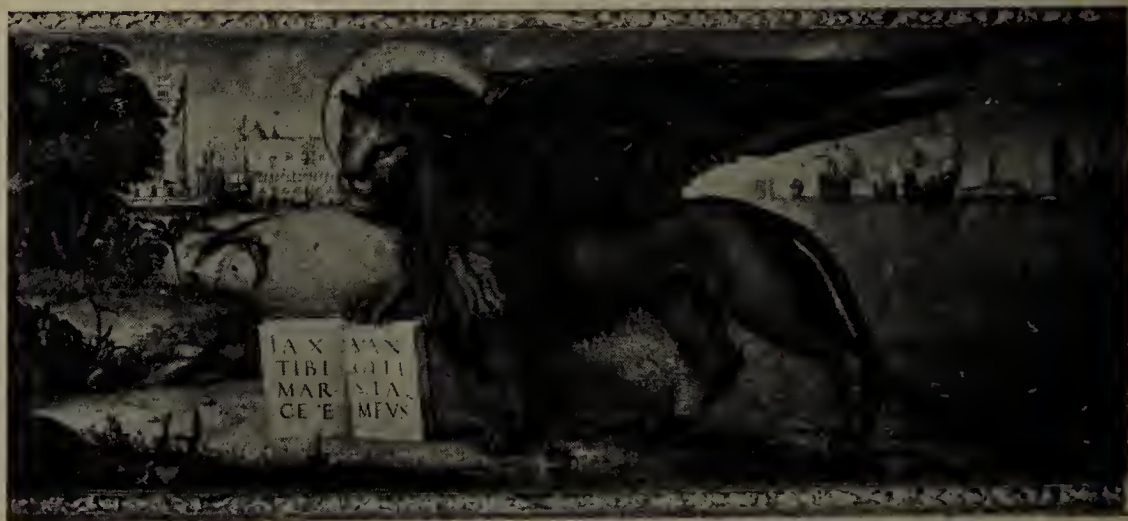
Il leone di San Marco.

nezia. Innamorati della libertà e decisi a morire piuttosto che perderla, marinai sapienti ed audaci, cittadini coscienti della eredità civile legata loro da Roma, in poco tempo, respinto sanguinosamente ogni tentativo di asservimento, avevan già intravisto, nella possibilità dei liberi commerci con l'oriente, la futura fortuna della loro Patria. Emblema il leone di San Marco, col libro di pace aperto per gli amici,
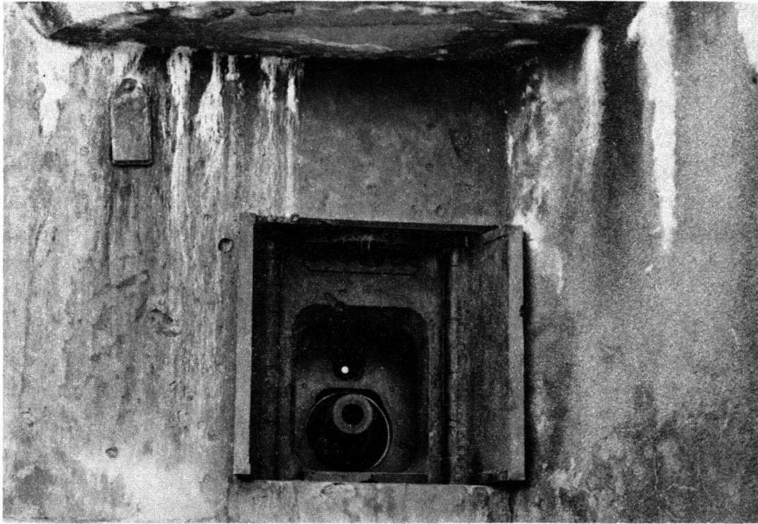
Fig. 2: Embrasure du 75, modèle 32 de casemate. Au-dessus du tube, la lunette de visée pour le tir direct antichars. A gauche, petite embrasure pour le FM de défense du fossé.
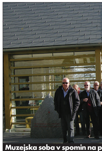
Muzejska soba v spomin na pesnika Karla Destovnika - Kajuha

muzejsko skakalni center, pokrit zimski bazen, pa tudi turistično rekreacijsko območje ob jezeru na predelu ugrezninskih jezer, ki so nastala ob izkopavanju premoga. Mesto ima polno zelenja. Na trgu stoji še ogromen spomenik maršala Tita (nekoč se je imenovalo Titovo Velenje). V začetku so v zgrajenih blokkih, polnih svetlobe, živeli večinoma rudarji. Še zdaj so prebivalci mesta Velenje rudarji ali pa so zaposleni
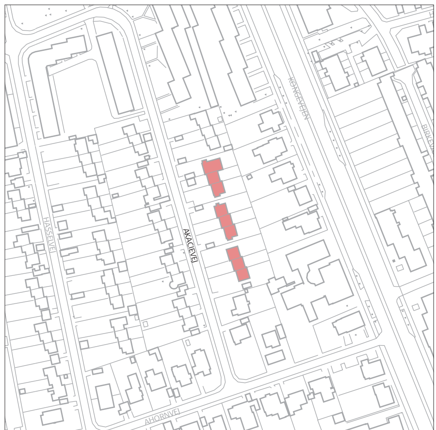
Akacievej, mål 1:2.500
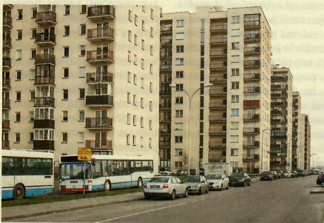
Bene labiausiai žaliosios erdvės sostinėje trūksta Perkūnkiemio kvartale.

Kiek šiuo metu VGTU ar kitoje aukštojoje mokykloje studijuoja būsimųjų kraštovaizdžio architektų? Atsakymas nustebina. „Šiuo metu – nulis. Prieš du dešimtmečius kraštovaizdžio architektus rengė Vilniaus dailės akademija, prieš penkerius metus – Klaipėdos universitetas, tačiau dėl įvairių priežasčių ši specialybė nunyko. Visgi vilčių yra: VGTU parengė naują – kraštovaizdžio architektūros – studijų programą, ir iki naujų mokslo metų tikimasi ją paleisti į gyvenimą. Jaunieji specialistai yra būtini, kad perimtų patirtį iš tų, kurie šioje srityje pradėjo dirbti dar sovietmečiu, kad matytų klaidas, mokytųsi iš jų ir rastų savo kelius“, – įsitikinęs profesorius.
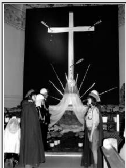
Kościół farny w Mszczonowie
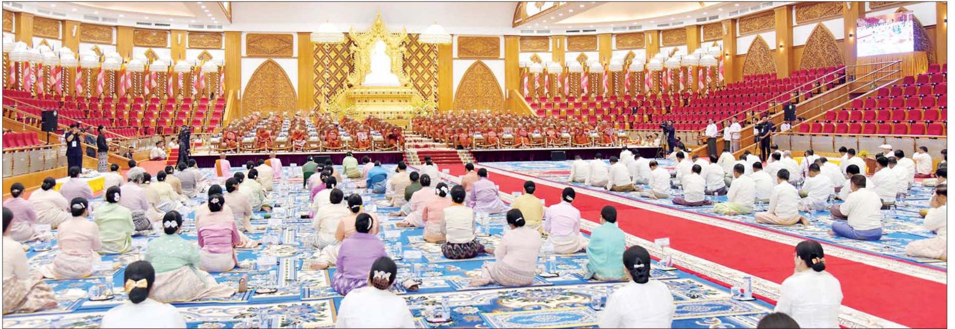
နိုင်ငံတော်စီမံအုပ်ချုပ်ရေးကောင်စီဥက္ကဋ္ဌ နိုင်ငံတော်ဝန်ကြီးချုပ် ဗိုလ်ချုပ်မှူးကြီးမင်းအောင်လှိုင်နှင့် ဇနီး ဒေါ်ကြူကြူလှ အမျိုးပြုသော ဧည့်ပရိသတ်များက နိုင်ငံတော်သံဃမဟာနာယကအဖွဲ့ဥက္ကဋ္ဌ သန်လျင်မင်းကျောင်းဆရာတော်ကြီးထံမှ ငါးပါးသီလခံယူဆောက်တည်ကြပြီး သံဃာတော်အရှင်သူမြတ်များ ရွတ်ပွားသရဇ္ဈာယ်တော်မူသော မေတ္တသုတ်ပရိတ်တရားတော်များကို နာယူကြည့်ကြစဉ်။
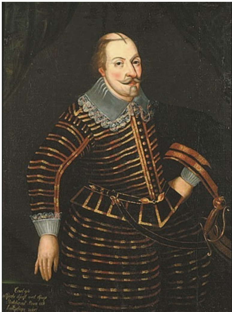
Carl g:ta officer d:ligt med d:rup Södermanl:ns l:sten och L:stg:ldagen 1677
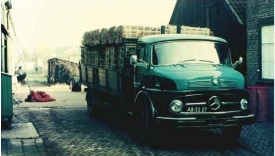
Een vrachtwagen met balen kokos arriveert bij de fabriek (1968). Het kokos wordt in de magazijnruimtes (rechts) opgeslagen. In de fabriek (links) worden de balen geveerd, een baal rood geveerde kokos ligt buiten al klaar. Jan van den Berg begon met zijn tapijtverkoop op de zolderverdieping boven de magazijnruimtes. Dit pand met de grond eromheen is later verkocht, anno 2016 staan er vier woonhuizen. Foto privécollectie.
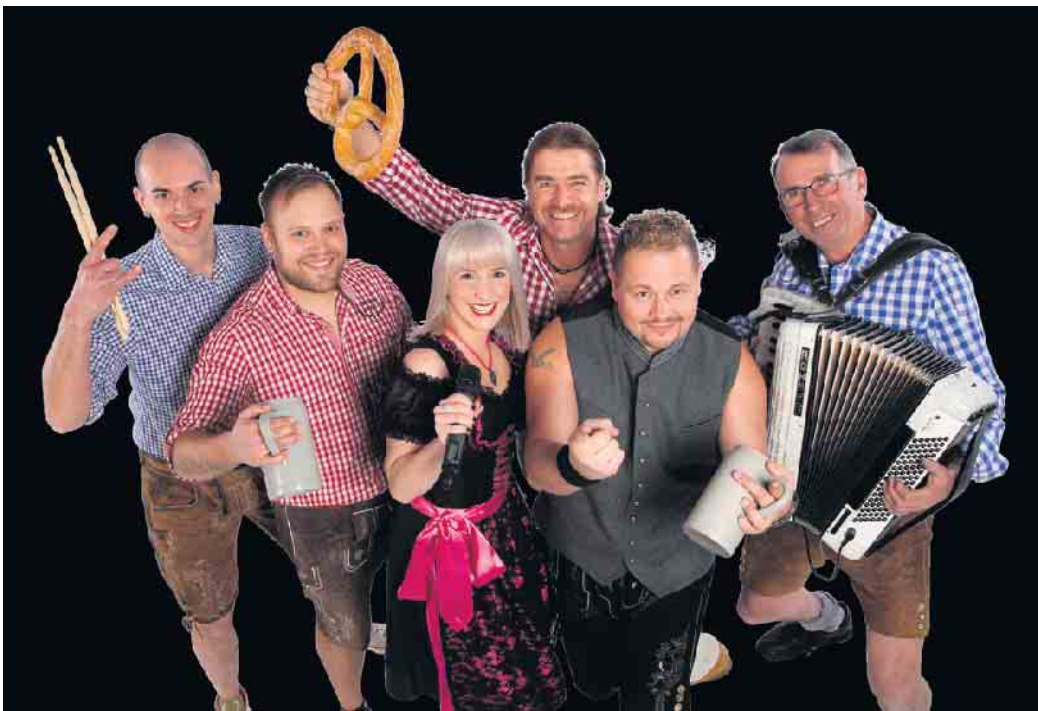
Die Partyband Rebellen sorgt für Stimmung.

Dringenberg. Es ist wieder soweit. Auf der Burg in Dringenberg wird das traditionelle Burgfest gefeiert. Am Samstag, 20. Juli, lädt der Förderverein für Musik und Kultur wieder zum traditionellen Burgfest in Dringenberg ein. Ab 16 Uhr erklingen die ersten Töne des Gemeinschaftsspiels des Spielmannszugs, der Burgmusikanten und des Fanfarenzugs im Burginnenhof. Nach dieser musikalischen Eröffnung werden den Besuchern aus Nah und Fern frischgebackene Waffeln, leckerer Kuchen und Kaffee zum Verzehr angeboten. Ebenfalls steht für den deftigen Gaumen ein Imbissstand bereit. An diesem Nachmittag sind die Türen des Heimatmuseums und des beeindruckenden Gewölbekellers des historischen Gebäudes ebenfalls geöffnet. Die kleinen Besucher können sich auf ein buntes, kostenloses Angebot aus Kinderschminken, Hüpfburg, Dosenwerfen und vielen weiteren

--------

### WHAT THE TASK REQUIRES
Return only the lines running from the top of the data to the line that holds "Muzejska soba v". Include both of those lines, but skip the pictures.

### THE COMPLETED TASK
Il leone di San Marco.

nezia. Innamorati della libertà e decisi a morire piuttosto che perderla, marinai sapienti ed audaci, cittadini coscienti della eredità civile legata loro da Roma, in poco tempo, respinto sanguinosamente ogni tentativo di asservimento, avevan già intravisto, nella possibilità dei liberi commerci con l'oriente, la futura fortuna della loro Patria. Emblema il leone di San Marco, col libro di pace aperto per gli amici,
Fig. 2: Embrasure du 75, modèle 32 de casemate. Au-dessus du tube, la lunette de visée pour le tir direct antichars. A gauche, petite embrasure pour le FM de défense du fossé.
Muzejska soba v spomin na pesnika Karla Destovnika - Kajuha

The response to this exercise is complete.